Chinese jets enter Taiwanese Air Defence Zone
On 6th May, 18 Chinese jet fighters and bombers entered the Taiwanese Air Defence Zone, an action which prompted Taiwan to scramble its own aircraft to warn away the Chinese ones. Though this is not the largest such incursion in recent times (39 aircraft made an entry into the zone in January), it is an occurrence that is happening ever more frequently and has sparked fears in the Taiwanese government that China might be planning an operation to mirror Russia’s invasion of Ukraine.
UK and Japan form new defence pact
On Thursday, Japan and the United Kingdom agreed in principle to a joint defence pact which would allow increased bilateral training and deployment under a Reciprocal Access Agreement (RAA). The agreement marks developing cooperation between the two countries on security measures in the Indo-Pacific, including the announcement to pursue joint development of an engine generator for both countries’ next generation fighters, and tandem naval exercises.
The UK has been attempting to cultivate a stronger presence in the Indo-Pacific region as part of plans to shift focus to the region through developing ties with regional allies, explicitly outlined in the 2021 Integrated Review of Security, Defence and Foreign Policy. The UK is a member of the newly formed AUKUS pact, a three-way alliance in the Indo-Pacific which also includes the US and Australia, and has moved forward in developing ties with the Association of Southeast Asian Nations (ASEAN) economic bloc. Meanwhile, Japan, increasingly concerned with China’s military ambitions in the Indo-Pacific (particularly in the South China and East China Seas), has been looking to bolster defensive and economic ties with regional and international actors, including the Quadrilateral Security Dialogue between Japan, India, Australia and the US; and increase military training between the Japanese Self-Defence Forces and international partners.

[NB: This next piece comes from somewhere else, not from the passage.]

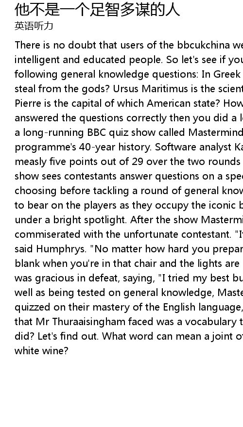 | There is no doubt that users of the bbcukchina website are among the most intelligent and educated people. So let's see if you know the answers to the following general knowledge questions: In Greek mythology what did Prometheus steal from the gods? Ursus Maritimus is the scientific name for which bear? Pierre is the capital of which American state? How did you get on? If you answered the questions correctly then you did a lot better than a contestant on a long-running BBC quiz show called Mastermind, who got the lowest score in the programme's 40-year history. Software analyst Kajen Thuraaisingham scored a measly five points out of 29 over the two rounds of the show. The format of the show sees contestants answer questions on a specialised subject of their choosing before tackling a round of general knowledge. The pressure really comes to bear on the players as they occupy the iconic black leather chair positioned under a bright spotlight. After the show Mastermind's host John Humphrys commiserated with the unfortunate contestant. "It's the 'black chair' syndrome," said Humphrys. "No matter how hard you prepare for a show, the mind can just go blank when you're in that chair and the lights are on you." Mr Thuraaisingham was gracious in defeat, saying, "I tried my best but it wasn't my night." As well as being tested on general knowledge, Mastermind contestants are sometimes quizzed on their mastery of the English language, and indeed the final question that Mr Thuraaisingham faced was a vocabulary test. Can you do better than he did? Let's find out. What word can mean a joint of pork, to pawn, or a German white wine? |

Ebola outbreak in the DR Congo claims third life
A renewed outbreak of Ebola in the north-western states of the Democratic Republic of the Congo, which was first noticed in late April, has now resulted in a third death. This is the country’s 14th outbreak of the disease, with recent waves claiming as many as 2,300 lives, and the most recent ending in six deaths from eleven infected patients. The WHO has begun its response, tracking contacts of the confirmed cases and administering over 350 inoculations.